What makes Apple attractive is (as the author mentions) that RAM is shared between main and video RAM whereas NVidia is quite intentionally segmenting the market and charging huge premiums for high VRAM cards. Here are some options:

1. Base $599 Mac Mini: 16GB of RAM. Stocked in store.

2. $999 Mac Mini: 24GB of RAM. Stocked in store.

3. Add RAM to either of the above up to 32GB. It's not cheap at $200/8GB but you can buy a Mac Mini with 32GB of shared RAM for $999, substantially cheaper than the author's PC build but less storage (although you can upgrade that too).

4. M4 Pro: $1399 w/ 24GB of RAM. Stocked in store. You can customize this all the way to 64GB of RAM for +$600 so $1999 in total. That is amazing value for this kind of workload.

5. The Mac Studio is really the ultimate option. Way more cores and you can go all the way to 192GB of unified memory (for a $6000 machine). The problem here is that the Mac Studio is old, still on the M2 architecture. An M4 Ultra update is expected sometime this year, possibly late this year.

6. You can get into clustering these (eg [1]).

7. There are various Macbook Pro options, the highest of which is a 16" Mackbook Pro with 128GB of unified memory for $4999.

But the main takeaway is the M4 Mac Mini is fantastic value.

Some more random thoughts:

- Some Mac Minis have Thunderbolt 5 ("TB5"), which is up to either 80Gbps or 120Gbps bidirectional (I've seen it quoted as both);

- Mac Minis have the option of 10GbE (+$200);

- The Mac Mini has 2 USB3 ports and either 3 TB4 or 3 TB5 ports.

[1]: https://blog.exolabs.net/day-2/

atwrk 29 days ago
Worth pointing out that you "only" get <= 270GB/s of memory bandwith with those Macs, unless you choose the max/ultra models.

If that is enough for your use case, it may make sense to wait 2 months and get a Ryzen AI Max+ 395 APU, which will have the same memory bandwith, but allows for up to 128GB RAM. For probably ~half the Mac's price.

Usual AMD driver disclaimer applies, but then again inference is most often way easier to get running than training.

sofixa 29 days ago
The issue with Macs is that below Max/Ultra processors, the memory bandwidth is pretty slow. So you need to spend a lot on a high level processor and lots of memory, and the current gen processor, M4, doesn't even have an Ultra, while the Max is only available in a laptop form factor (so thermal constraints).

An M4 Pro still has only 273GB/s, while even the 2 generations old RTX 3090 has 935GB/s.

https://github.com/ggerganov/llama.cpp/discussions/4167

jmyeet 29 days ago
That's a good point.
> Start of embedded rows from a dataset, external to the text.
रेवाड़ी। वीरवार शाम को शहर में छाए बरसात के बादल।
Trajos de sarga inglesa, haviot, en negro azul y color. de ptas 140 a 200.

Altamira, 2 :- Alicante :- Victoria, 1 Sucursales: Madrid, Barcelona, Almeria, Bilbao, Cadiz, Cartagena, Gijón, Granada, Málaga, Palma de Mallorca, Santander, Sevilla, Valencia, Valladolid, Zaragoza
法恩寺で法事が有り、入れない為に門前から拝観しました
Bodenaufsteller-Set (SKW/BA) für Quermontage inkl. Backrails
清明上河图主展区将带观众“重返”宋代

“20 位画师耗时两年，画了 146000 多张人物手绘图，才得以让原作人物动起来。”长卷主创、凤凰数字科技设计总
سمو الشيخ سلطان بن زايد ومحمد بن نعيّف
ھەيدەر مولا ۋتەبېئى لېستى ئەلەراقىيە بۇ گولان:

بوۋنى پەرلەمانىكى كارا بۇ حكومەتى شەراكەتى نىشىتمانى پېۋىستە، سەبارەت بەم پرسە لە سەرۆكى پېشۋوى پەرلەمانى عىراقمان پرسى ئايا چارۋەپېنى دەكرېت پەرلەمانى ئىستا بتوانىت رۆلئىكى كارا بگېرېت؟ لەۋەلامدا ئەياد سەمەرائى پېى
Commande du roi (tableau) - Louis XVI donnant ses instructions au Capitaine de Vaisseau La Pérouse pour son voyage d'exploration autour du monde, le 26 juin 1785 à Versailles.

I checked the M2 Mac Studio and it's 400GB/s for the M2 Max and 800GB/s for the M2 Ultra so the M4 Ultra when we get it later this year should really be a beast.

Oh and the top end Macbook Pro 16 (the only current Mac with an M4 Max) has 410GB/s memory bandwidth.

Obviously the Mac Studio is at a much higher price point.

Still, you need to spend $1500+ to get an NVidia GPU with >12GB of RAM. Multiple of those starts adding up quick. Put multiple in the same box and you're talking more expensive case, PSU, mainboard, etc and cooling too.

Apple has a really interesting opportunity here with their unified memory architecture and power efficiency.

diggan 29 days ago
How is the performance difference between using a dedicated GPU from Nvidia for example compared to whatever Apple does?

So lets say we'd run a model on a Mac Mini M4 with 24GB RAM, how many tokens/s are you getting? Then if we run the exact same model but with a RTX 3090ti for example, how many tokens/s are you getting?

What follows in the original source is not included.